4.1 Schema Tree Construction

Given a natural language question q as input, we first obtain the topic entity \(e_0\) by using the existing method, e.g., spciy-entity-linkerFootnote 1. Then we extract and sketch the subgraph centered on the topic entity \({e}_0\) from KG. Algorithm 1 outlines the process of constructing a schema tree.

For each entity \(e\in \mathcal {G}\), it may have outgoing and incoming edges as \(\mathcal {G}\) is a directed graph. For ease of presentation, they are all called the edges starting from the entity e in the following sequel. We extract the set D of triples within h hops from \({e}_0\) and merge adjacent edges of the same relation, as shown in Algorithm 1 (lines 4–7). Then we merge tail entities with the same relation r starting from each \(e \in D\) via breadth-first search, as shown in Algorithm 1 (lines 10–18). The combined entities form an aggregation node, taking one of the entities as its label. A special mark “*” can be assigned to indicate the role of the aggregation node.
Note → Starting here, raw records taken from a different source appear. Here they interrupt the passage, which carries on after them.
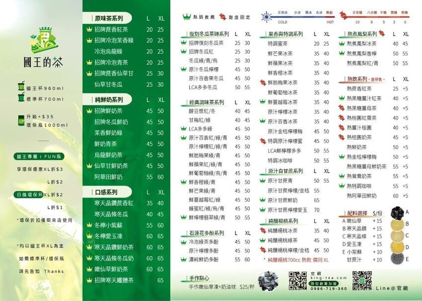 台中飲料店推薦-國王的茶茶飲專賣店 菜單
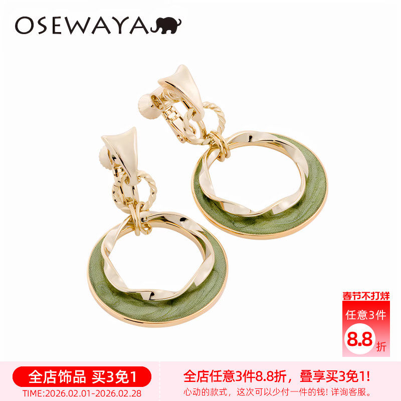 OSEWAYA耳夹无耳洞女复古耳钉圈圈耳环气质绿色耳坠森系圆环耳饰
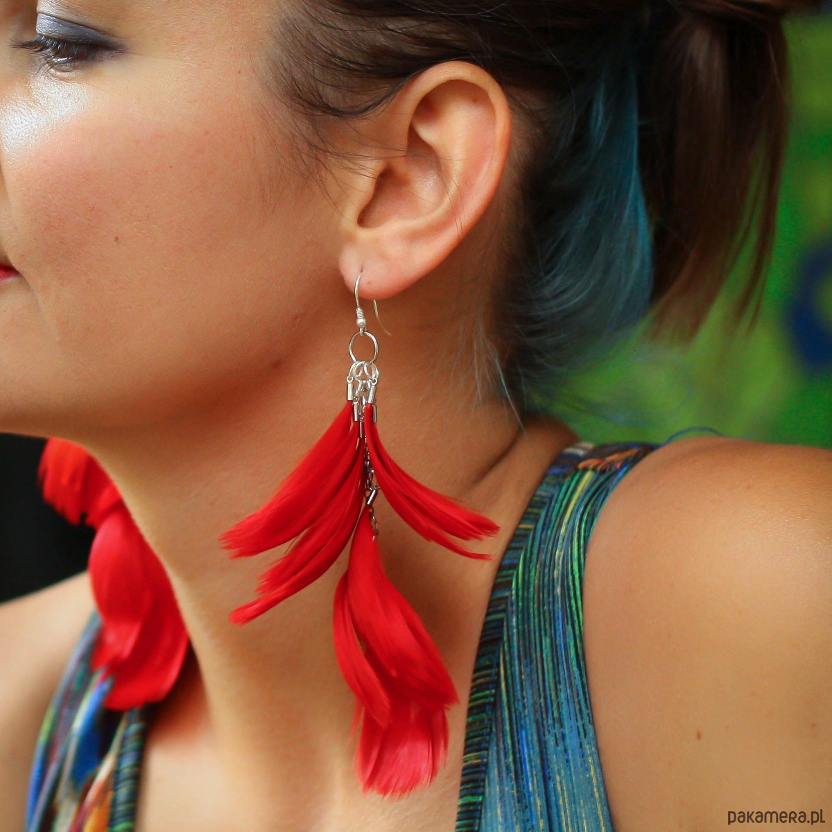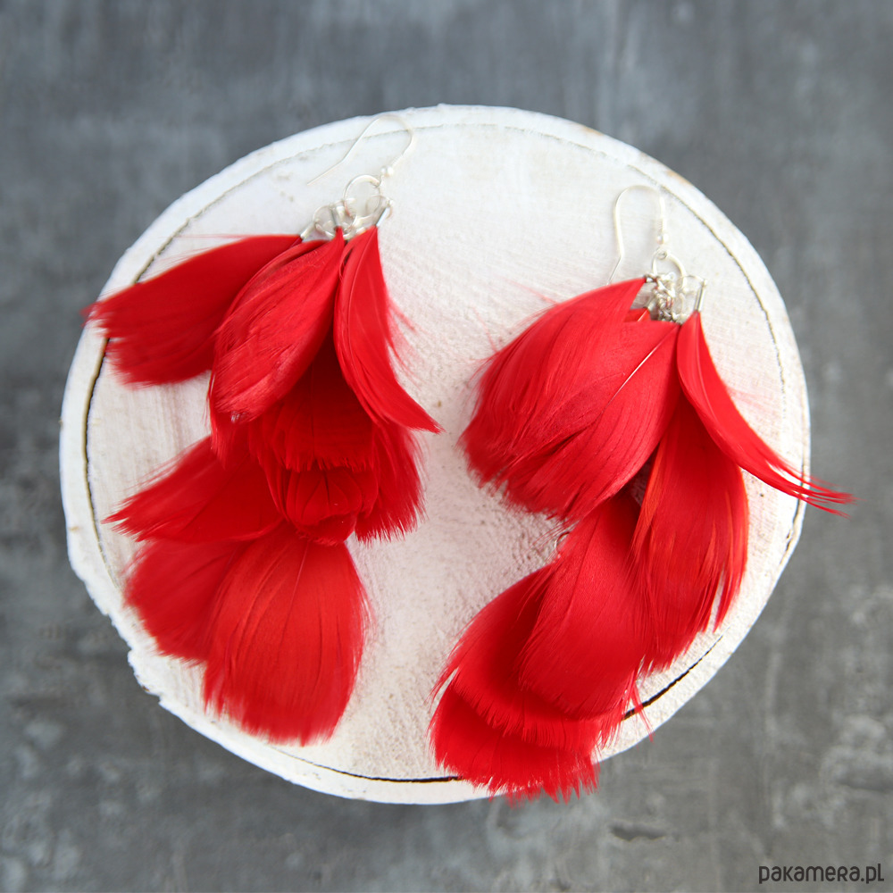 Długie, wyraziste, oryginalne kolczyki z naturalnymi piórami, w stylu boho - w odcieniu intensywnej czerwieni.
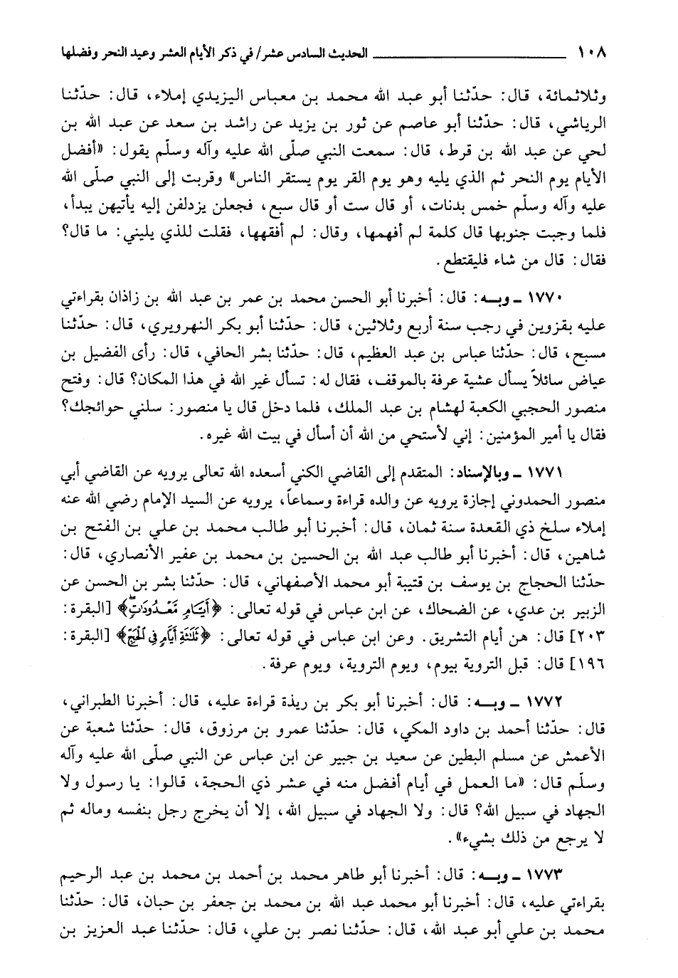 1772 - أَخْبَرَنَا أَبُو بَكْرِ بْنُ رَيْذَةَ، قِرَاءَةً عَلَيْهِ، قَالَ: أَخْبَرَنَا الطَّبَرَانِيُّ، قَالَ: حَدَّثَنَا أَحْمَدُ بْنُ دَاوُدَ الْمَكِّيُّ، قَالَ: حَدَّثَنَا عَمْرُو بْنُ مَرْزُوقٍ، قَالَ: حَدَّثَنَا شُعْبَةُ، عَنِ الْأَعْمَشِ، عَنْ مُسْلِمٍ الْبَطِينِ، عَنْ سَعِيدِ بْنِ جُبَيْرٍ، عَنِ ابْنِ عَبَّاسٍ، عَنِ النَّبِيِّ صَلَّى اللَّهُ عَلَيْهِ وَآلِهِ وَسَلَّمَ، قَالَ: " مَا الْعَمَلُ فِي أَيَّامٍ أَفْضَلُ مِنْهُ فِي عَشْرِ ذِي الْحِجَّةِ، قَالُوا: يَا رَسُولَ اللَّهِ وَلَا الْجِهَادُ فِي سَبِيلِ اللَّهِ؟ قَالَ: وَلَا الْجِهَادُ فِي سَبِيلِ اللَّهِ، إِلَّا أَنْ يَخْرُجَ رَجُلٌ بِنَفْسِهِ وَمَالِهِ , ثُمَّ لَا يَرْجِعُ مِنْ ذَلِكَ بِشَيْءٍ "
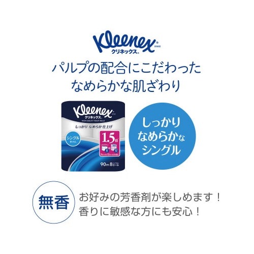 品質はそのままで8ロールで12ロール分の長さ。パルプ配合にこだわったしっかりなめらか仕上げ。消臭機能付きの無香料タイプ。
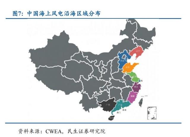 我国海上风电潜在可开发资源丰富。四大海上基地所在省份浙江、江苏、山东已规划公布的“十四五”期间新增风电装机分别为4.55GW、9.09GW、5GW,另外还有广东计划新增的17GW、广西的8GW等,预计“十四五”期间海上风电将贡献45GW以上新增装机。
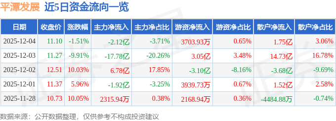 证券之星消息,截至2025年12月4日收盘,平潭发展(000592)报收于11.1元,下跌1.51%,换手率26.73%,成交量511.9万手,成交额57.1亿元。
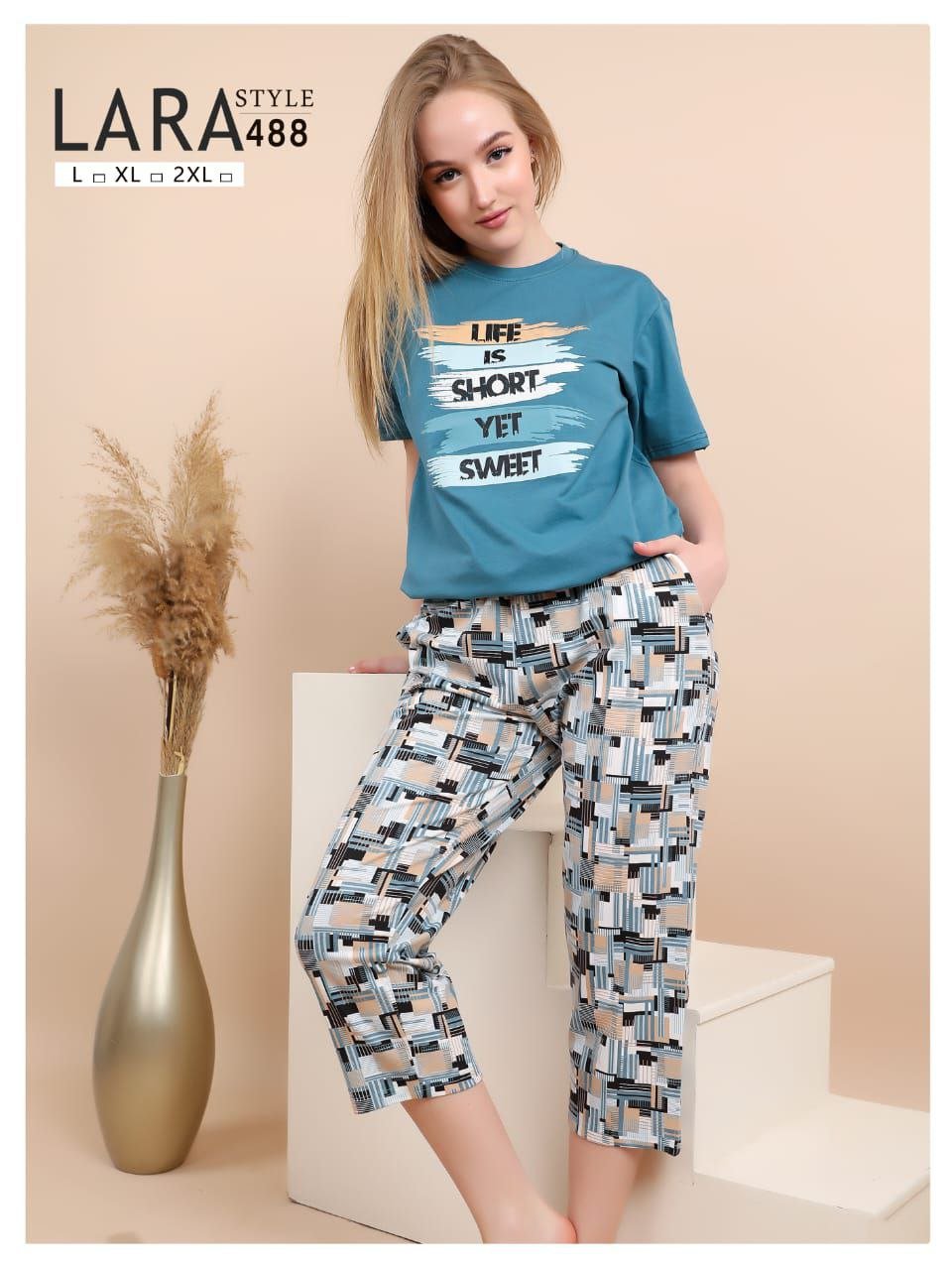 – الطقم الثاني (بالصور الثانية) اللون: أزرق هادئ، مع تصميم مريح، مثالي للاسترخاء أو النوم. الموديل: قميص فضفاض مع عبارة أنيقة “Life is Short Yet Sweet”، مع بنطلون مطبوع بألوان متعددة ومظهر عصري.
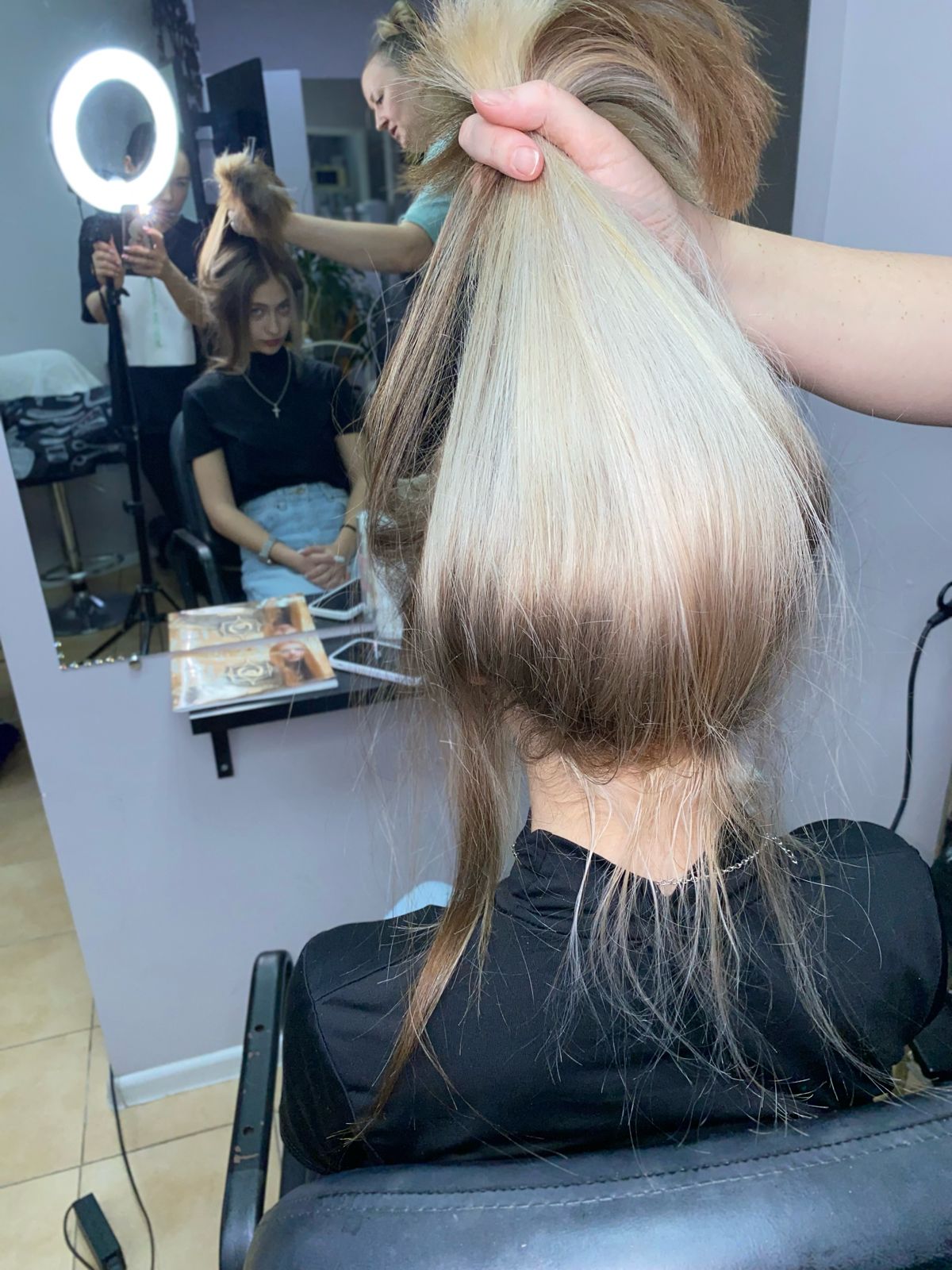 * очень длинные волосы — до 50 см - После каждого клиента проводится тщательная дезинфекция рабочего места, инструментов (в три этапа) согласно нормам СанПиН. Инструменты стерилизуются в индивидуальных крафт-пакетах в сухожаровом шкафу.
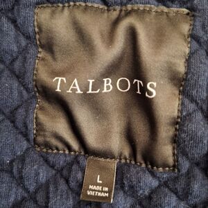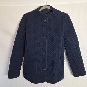 Talbots Womens Diamond Quilted Navy Long Sleeve Button Up Jacket Pockets Large
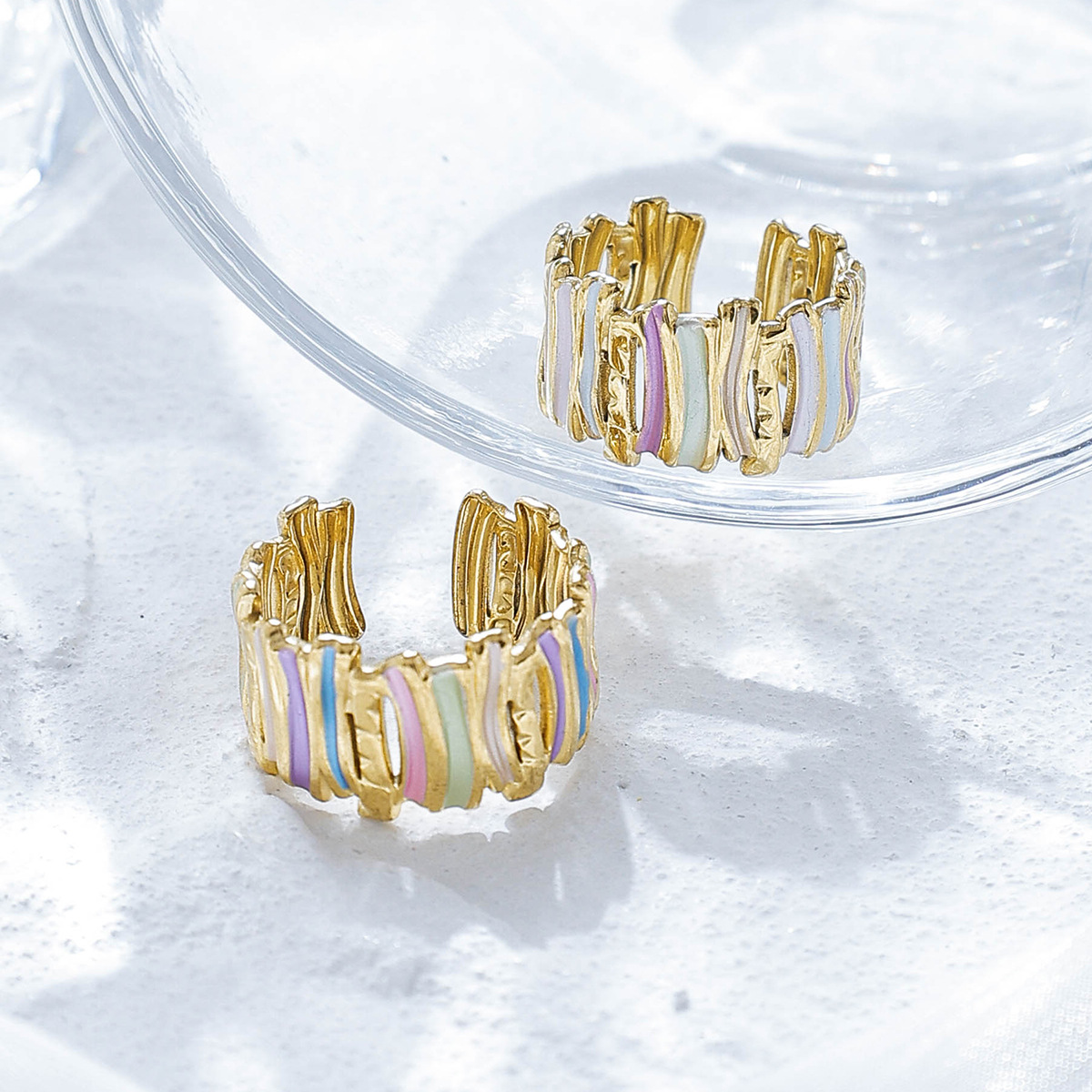 Émail Bague en Acier inoxydable , Acier inoxydable 304, Placage de couleur d'or, pour femme & émail & creux, plus de couleurs à choisir, Vendu par PC

For example, as shown in Fig. 2, for the entity California, we merge the tail entities connected by the relation “location” into an aggregation node named “*Hayfork Airport”. We can merge entities to form aggregation nodes iteratively. Finally, the schema tree k-\(ST(e_0)\) is constructed.

To prevent introducing too many noisy triples, we perform relation linking-based path refinement as shown in Algorithm 2. Any relation linking methods, e.g., Falcon2.0 [23] and GenRL [22], can be applied to the question. From the topic entity \(e_0\), we iteratively examine each path of the schema tree k-ST(e) and maintain the path if and only if it contains a relation in the relation list \(R_t\) (line 2–7). We update the schema tree and remove the relation out of list R (line 9). In other words, we discard the path or sub-path which does not contain any relation in the linked relations. Though list \(R_l\) may do not contain golden relation \(r_{gold}\), the schema tree could include \(r_{gold}\) via the other relation in \(R_l\) in the same path. In the end, we obtain a refined schema tree k-ST(e).

figure b

4.2 Text Generation

In this process, we transform a schema tree into a set of paragraphs. JointGT is employed in our task. Since the number of triples in the whole schema tree k-\(ST(e_0)\) is beyond model capacity, we decompose k-\(ST(e_0)\) into subtrees \(\{\mathcal {T}_i\}_{i=1}^m\) based on relations \(\{r_i\}_{i=1}^m\), \(r_i\in \mathcal {R}_0=\{r|(e_0, r, e_{1r})\in k\)-\(ST(e_0)\}\):

$$\mathcal {T}_i={(e_0, r_i, e_{1r_i})}\cup \mathcal {T}^\prime (e_{1r_i}),$$

where \(\mathcal {T}^\prime (e_{1r_i})\) is the subtree rooted at \(e_{1r_i}\). Then, we linearize \(\mathcal {T}_i\) into a sequence \(\mathcal {T}_{linear}=\{\omega _1, \omega _2, \dots , \omega _n\}\) consisting of n tokens. For instance, \((A,r_{1},B),(B,r_{2},\) C) is transformed into \(< H>\) A \(< R>\) \(r_{1}\) \(< T>\) B \(< H>\) B \(< R>\) \(r_{2}\) \(< T>\) C. We put \(\mathcal {T}_{linear}\) into the encoder-decoder framework with a structure-aware self-attention layer proposed by JointGT framework: \(x_{\mathcal {T}_i}=\text {Encoder-Decoder}(\mathcal {T}_{linear}),\) where \(x_{\mathcal {T}_i}\) is the representation of subtree \(\mathcal {T}_i\). Then, we use \(x_{\mathcal {T}_i}\) to generate paragraph corresponding to subtree \(\mathcal {T}_i\).

5 Answer Selection

To retrieve answers from the text for the question, we first determine the target paragraphs in Sect. 5.1, based on which the final answers are generated powered by machine reading comprehension models in Sect. 5.2.

5.1 Paragraph Selection

Although we have refined the schema tree in the previous step, it is inevitable to generate irrelevant paragraphs that correspond to some subtrees \(\mathcal {T}_i\). Thus, we propose a Simple Contrastive Learning of Paragraph Embeddings, shorted as SimCPE, to pick out the most promising paragraphs that contain the answers.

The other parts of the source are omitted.